Dr. John F. Dicello's objective is to determine whether non-toxic drugs can reduce the risk of cancers arising from low-dose environmental exposures. His group is determining the risk of cancers resulting from exposures to galactic and solar radiations. They are collaborating with Dr. David Huso's group who is determining whether specific types of drugs can be used after exposure to reduce the risks of these diseases. By observing rodents exposed to radiations similar to those in space, they examine the types and frequencies of tumors as well as damage to the pituitary and other tissues as a function of particle type (radiation quality) and dose.
John F. Dicello, Ph.D.
Johns Hopkins University School of Medicine
The risks of cancer to personnel in space from the naturally occurring radiations are generally considered to be one of the most serious biomedical limitations associated with long-term human space missions, as noted in two recent reports of the National Research Council/National Academy of Sciences. The paramount goals of the Radiation Effects Team for the National Space Biomedical Research Institute are to determine carcinogenic consequences of radiations in space in an appropriate model, to develop effective physical and pharmaceutical countermeasures, and to study ways to reduce the risks of cancer and other diseases associated with such exposures.

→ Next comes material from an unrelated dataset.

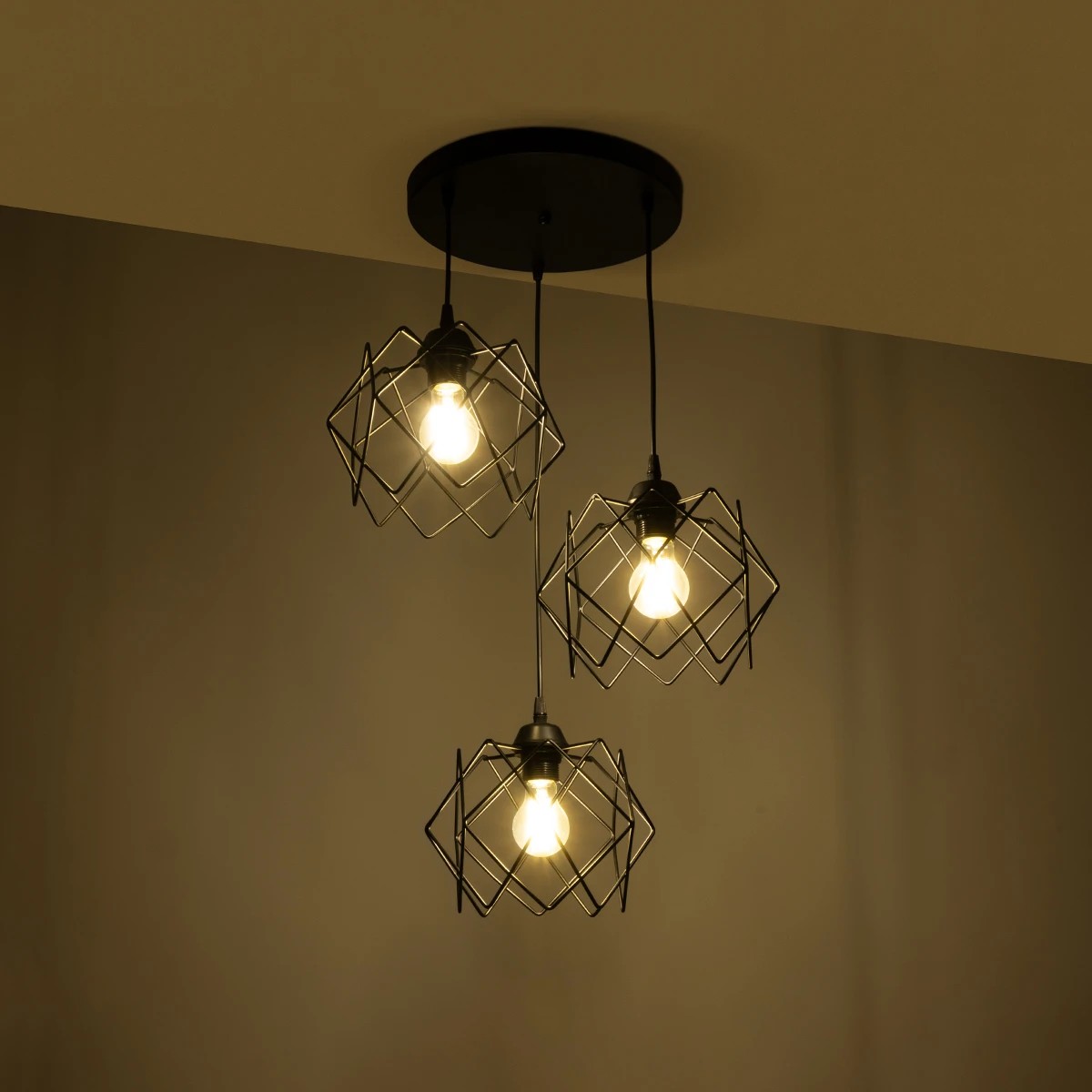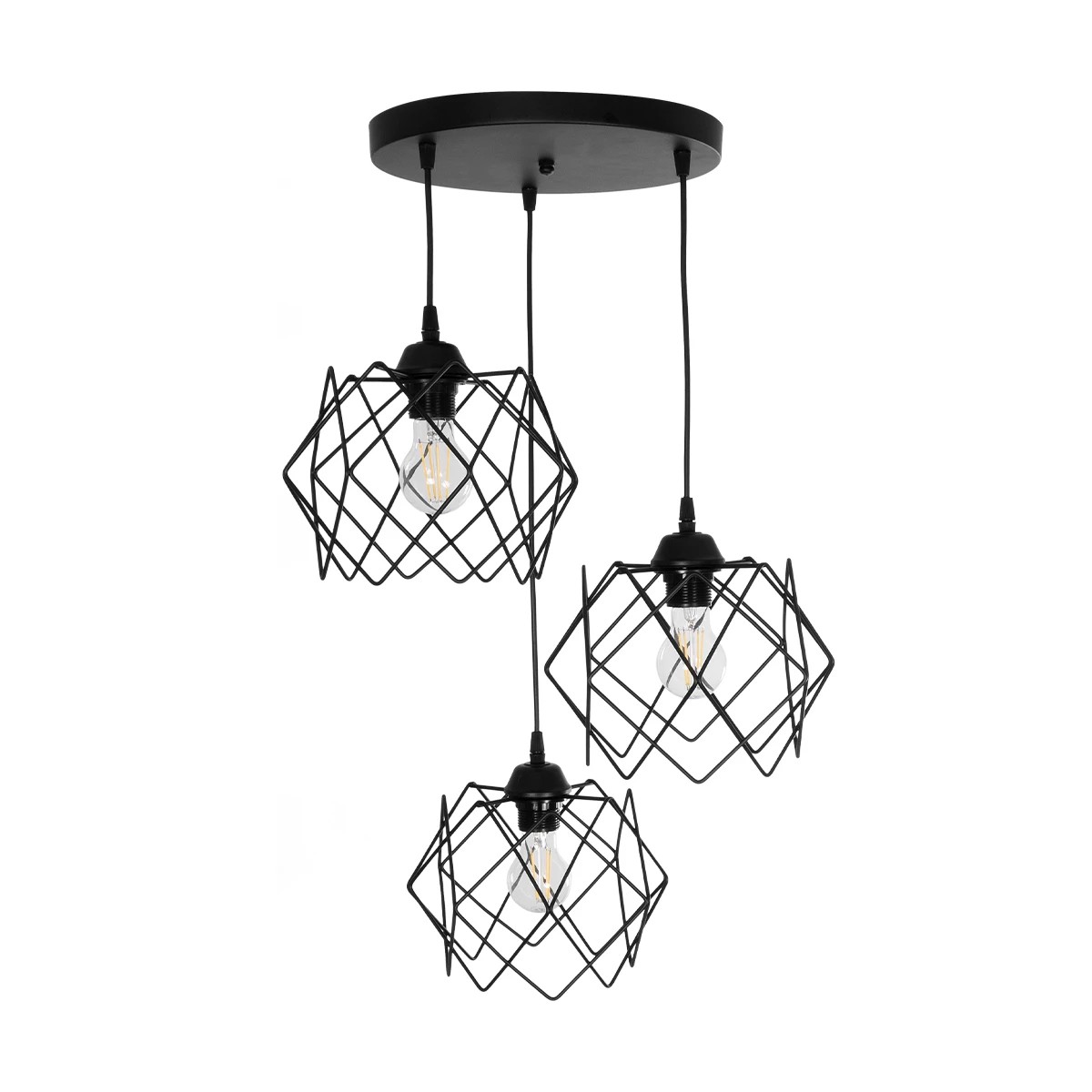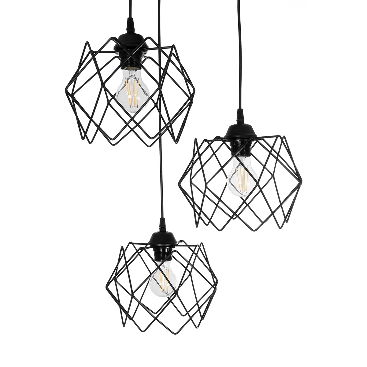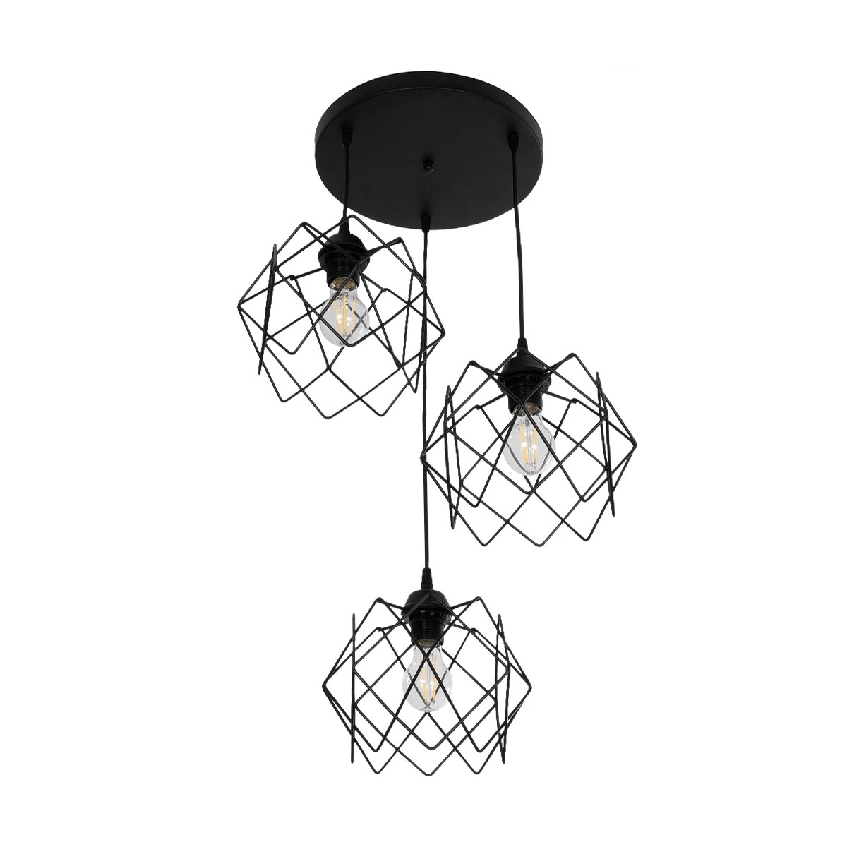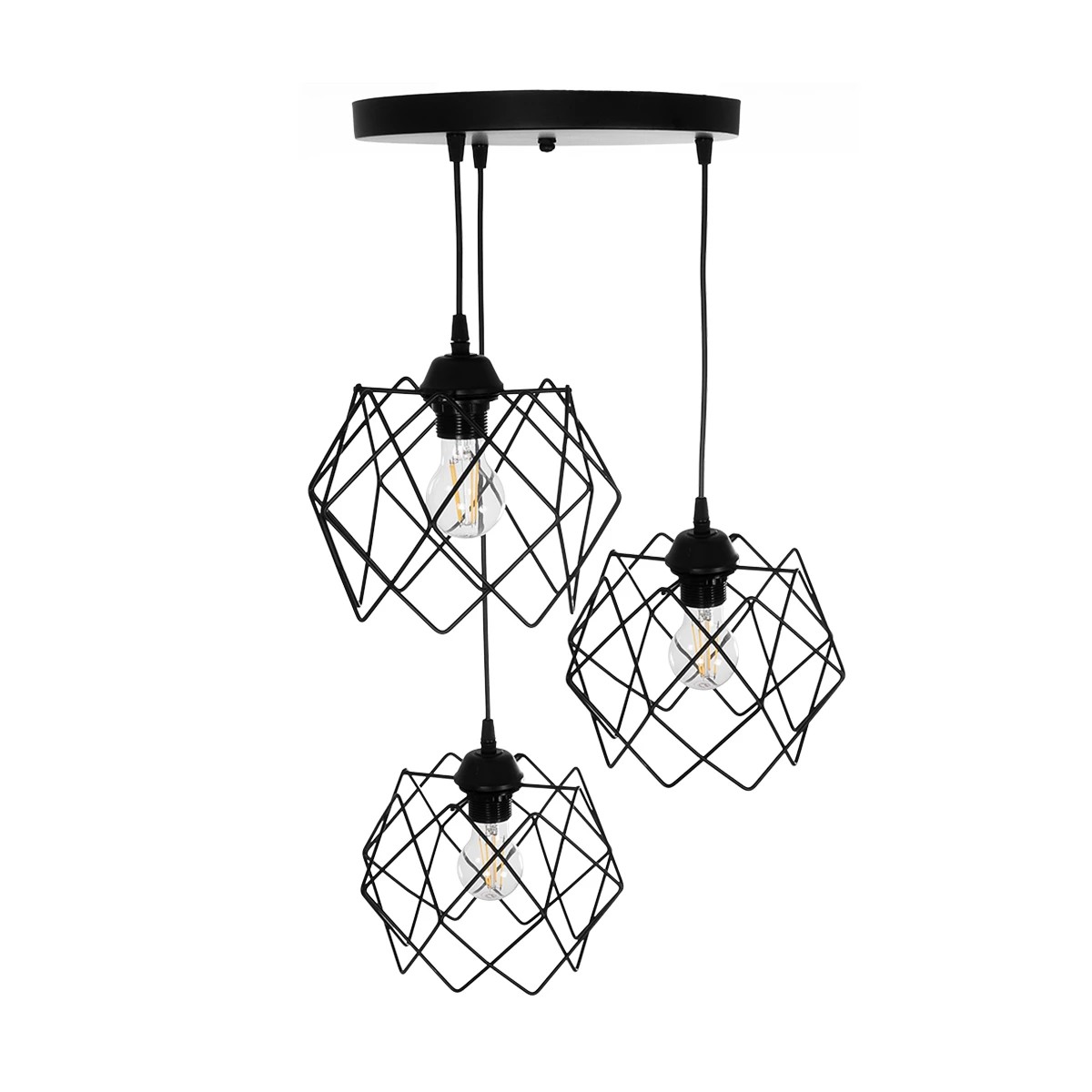 GLOBOSTAR® DAZLA 201-0024 Vintage Κρεμαστό Φωτιστικό Οροφής με Ντουί 3 x E27 AC 220-240V IP20 - Μαύρο - Μ47 x Π47 x Υ60cm

During interplanetary missions, personnel in space will be exposed to galactic cosmic rays, including high-energy protons and energetic ions. (Ions with high energy (E) and atomic numbers (Z) greater than one are usually called HZE particles.) In addition, solar events will produce radiation fields of high intensity for short but irregular durations. The level of intensity of these radiations is considerably higher than that on Earth's surface, and the biological risks for carcinogenesis to astronauts are consequently elevated. Our group is examining the risk of cancers in model systems resulting from their low-dose exposures to photons, protons and iron by using ground-based accelerators, which are capable of producing beams of such particles at energies comparable to those encountered in space. We have successfully conducted a series of experiments using a 1-GeV iron beam at the Brookhaven National Laboratory and 250-MeV protons at Loma Linda University Medical Center's proton synchrotron facility. As part of these studies, we have been collaborating with a companion project (David Huso, Principal Investigator) that is investigating the potential for anti-estrogen-based pharmaceuticals to reduce the risk of cancer after irradiation at the level of doses and for particle types expected in space. The hypothesis is that carcinogenesis in in vivo models can be used to extrapolate that the risk in humans and the risk of hormone-stimulated cancers such as breast cancer can be reduced by the subsequent administration of appropriate drugs after exposures to protons and densely ionizing radiations such as energetic heavy ions and neutrons. Additionally, the hypothesis is that the precursors of cancer can be altered at the promotion and progression stages of the diseases rather than the initiation. If this latter hypothesis is correct, it could reduce or eliminate the need for administering drugs in anticipation of significant exposures.
Theoretical studies carried out in a collaboration between scientists at NASA-Johnson Space Center and Johns Hopkins University are providing methods and predictions that are being used to assess the levels of radiation risks to be encountered, and to evaluate appropriate strategies for countermeasures. Continued collection and analysis of data from this project over the next three years will further enhance the precision of our estimates of biologic response and reduce the large uncertainties associated with previous assessments of risks for activities in space.
The research has consisted of four successive series beginning with a feasibility study to develop the logistics and infrastructure for these types of studies and followed by three studies to investigate the incidence of mammary carcinomas and the change in risk with the subsequent administration of Tamoxifen. The final three studies are still in progress, but the first one has been successfully completed and the data are being examined and analyzed. The initial results provide some of the first in vivo data for the risk of cancer from both energetic protons and heavy ions. Initial results from the companion project indicate validation of the hypothesis that the risk can be reduced by subsequent pharmaceutical intervention with drugs.
Although the work in this project is primarily directed toward risks associated with space travel, the problem of protracted exposures to low-levels of radiation is one of national interest in our energy, defense and homeland security programs, and the present results suggest new paradigms for addressing such risks.